Mr. Kazanjian: As a group, we have not addressed compensation issues. Our mandate in terms of representing this group does not extend to compensation issues.

The Chairman: Why not?

Mr. Kazanjian: We wanted to develop a consensus on the issues that we considered to be most pressing. On compensation, I think everyone will accept and see that the issues of certain executives in the United States or elsewhere receiving huge amounts of compensation while employees and pensioners and others lose their jobs and so on politicizes this issue in a difficult way. That is not on behalf of the committee; that is recognition of the political tension that has been created by the Enron situation and by high levels of compensation.

The Chairman: I am not sure I understand your answer.

I read somewhere that the top man compared to the bottom man is now 411 to 1. I do not know if that is good, bad or indifferent. It used to be 40 or 50. Perhaps that was too low.

We are a government here. We are keenly aware of the fact that the public thinks that the whole notion of greed has certainly gone through the roof. By the way, this is not new. I remember Trudeau's chief of staff coming to talk to me about this 25 years ago, and even then, they were considering legislating it. I said you cannot do that and it is not possible. How do you stop it?

Mr. McAusland: This is really a market issue. It is a market from two perspectives. At the end of the day, we cannot lose sight of the fact that on some of these issues the shareholders have to take their responsibility as well. If they do not like what is going on, they can vote with their feet or otherwise, and they can vote management and directors out.

The Chairman: With respect, is that not slightly naive? Who puts the shareholders together to vote out management?

Mr. McAusland: I will complete this with a little story that is directly on point. I was in a restaurant earlier this week. As I was leaving, right beside me was Stephen Jarislowsky, one of the most aggressive people on this issue in the country. He was discussing the question of the compensation of Mr. Pierre Lessard, the CEO of Metro, who is getting compensation valued at $26 million annually. Some people view this as scandalous. Mr. Jarislowsky's view was, ``He is worth every penny of it.'' Why? Because he is creating the value for his shareholders. It is a value creation issue. He is delivering the value.

The other remark I should like to make goes back to the question focusing on the independence of the board and independence at the committee level. If you have a compensation or HR committee that is properly independent, then those board members will do their duty and dictate their requisite levels of compensation. At a certain point in time, the government and the regulators cannot, on issues as narrow as compensation, become the curator. The shareholders have to take their responsibility. If they do not like it, they have to vote against it and change management.

The Chairman: I hear you.

Mr. McAusland: We never wanted to get into the issue of compensation.
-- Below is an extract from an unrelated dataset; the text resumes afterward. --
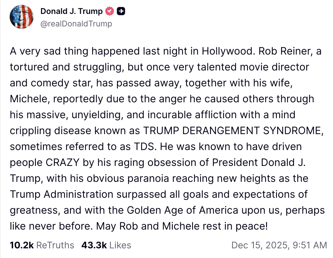 “A very sad thing happened last night in Hollywood. Rob Reiner, a tortured and struggling, but once very talented movie director and comedy star, has passed away, together with his wife, Michele, reportedly due to the anger he caused others through his massive, unyielding, and incurable affliction with a mind crippling disease known as TRUMP DERANGEMENT SYNDROME, sometimes referred to as TDS,” declared Trump on Truth Social. “He was known to have driven people CRAZY by his raging obsession of President Donald J. Trump, with his obvious paranoia reaching new heights as the Trump Administration surpassed all goals and expectations of greatness, and with the Golden Age of America upon us, perhaps like never before. May Rob and Michele rest in peace!”

Senator Prud'homme: I am always troubled me when I hear about bonuses for exceptional talent. Let us go back to my field, the political field, and the bureaucracy. We give bonuses to bureaucrats from time to time for exceptional duty to the country or to their minister or whomever. When you are an employee, are you not supposed to give the maximum of your ability to either your ministry or your company so it can achieve the highest success, and do you not do it for the money you receive?
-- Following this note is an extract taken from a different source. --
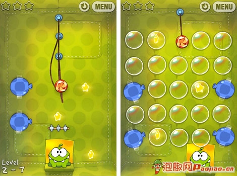 糖果怪獸(Cut the Rope)-玩家需要不停的開動自己的腦筋來切割繩子,利用氣泡、吹起裝置來將糖果送到小怪獸的嘴裡。

As an example, would you not be worried about someone who never gets a bonus being the one who is advising you? Am I under the obligation now to ask, when someone comes to advise me, before I listen to the advice, ``Has this man been given the maximum? Did he get a bonus last year? No. The year before? No. The third year before? No.'' He never gets a bonus and he still is there. Is he the right man for the job? You turn around and say, ``You better take the advice of this guy. He is exceptional.'' Was he not employed for that purpose?

I believe I give the maximum that I can to the Senate, as I did to the House of Commons. I have the same salary as everyone else. Some produce better than me, most likely, but we all have the same salary, and I have never heard of bonuses of any kind. You then arrive and you say, ``For exceptional talent, there will be bonuses in the millions.''

If you could comment on that, I would appreciate it very much.

Mr. McAusland: I think my response to this will be based on two words: competition and incentivization.

Senator Prud'homme: The second word is?

Mr. McAusland: Incentivization. The fact is, like it or not, the Canadian labour market for the best and most capable people is competitive. People will pursue talent aggressively. We do not live in a world where all people are of equal talent; talent varies as we all know and there is a war for talent. You can have talent taken away from you easily. You have to be able to retain talent. You retain talent through incentives. Incentives for many people are in the form of cash. They also can be in the form of the work you like to do and the environment you like to be in. For some people, cash will not be the necessary incentive. It will be what their job description is. For some people, it is cash, period.

For most people, at the end of the day, it is a blend of the two. You have to like where you work, whom you are working with, what you do — and you have to have the sense that you are fairly paid. If you are not being competitively paid, and someone is willing to offer you a similar job in an environment that is at least as good, then you are not going to feel as good about yourself and where you are working, and you will move. It all boils down to that.

The HR committees of this country must determine the right balance and the right level of incentivization so that they can retain the talent and grow the business for the good of the shareholders, employees, all the stakeholders and the government coffers.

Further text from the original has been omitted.